Perhaps I’m getting old, but it only seems like yesterday that High-Definition TV (HDTV) was introduced. We were promised a new era of television, where sporting events would be brought to us in our own homes and we would feel like we were there in person. Except, it would be better than really being there because with HDTV, you could watch events unfold from the comfort of your own sofa with a bowl of cereal in your hand (or is the sports and cereal combo just me?).
For some people, TV quality is all about the megapixels. The more, the better. There are a few different variations of HDTV, but at its best the megapixel count comes to 2.1. That’s not too bad, but as you may have guessed, the story doesn’t end there.

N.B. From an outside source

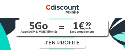 Le forfait en promo de Cdiscount Mobile est à seulement 1,99€ pendant 6 mois ! Bonne nouvelle, l'abonnement comprend 5Go en France et 1Go à utiliser à l'étranger (l'Europe et les DOM). Après les six mois passés, le prix de la mensualité passera à 9 euros par mois.
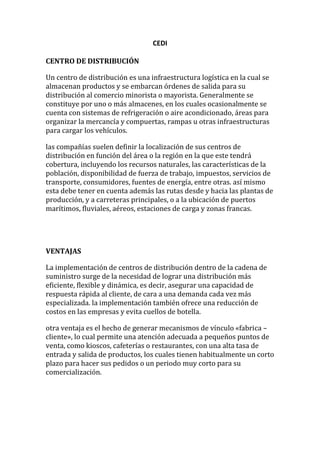 Este documento describe los centros de distribución (CEDI), incluyendo su definición, ventajas, requerimientos, diseño, gestión, procesos de picking y packing, y ejemplos de CEDIs en Colombia. Un CEDI es una infraestructura logística donde se almacenan productos y se preparan pedidos para su distribución a minoristas y mayoristas. Implementar CEDIs mejora la eficiencia y flexibilidad de la cadena de suministro.

The Japanese national broadcaster, NHK (who were involved in the development of HDTV), have recently demonstrated their new Ultra-HD system called Super Hi-Vision (SHV). SHV uses 16 times as many pixels as HDTV, weighing in at 33 megapixels. During the London 2012 Olympic Games, the SHV system was used to display events at 5 theatres across the world. Specialist recording equipment was shipped over from Japan for the event and with only 3 SHV cameras in the world, it was important to get things right.
During the Olympic Games, screenings in the selected UK theatres were open to members of the public. Feedback from those who attended has been full of praise. One man commented that it looked like he was actually in The Olympic Stadium, watching events through a glass window.
NHK certainly have high hopes for the future of SHV. Their long term aim is to produce images with a higher resolution than the human eye, which can be watched on a screen bigger than the audiences field of view. Of course, we can’t all fit a screen that size into our homes and so there is a balance to be drawn. NHK are pushing ahead though, and are expecting to offer SHV to homes in Japan by 2022.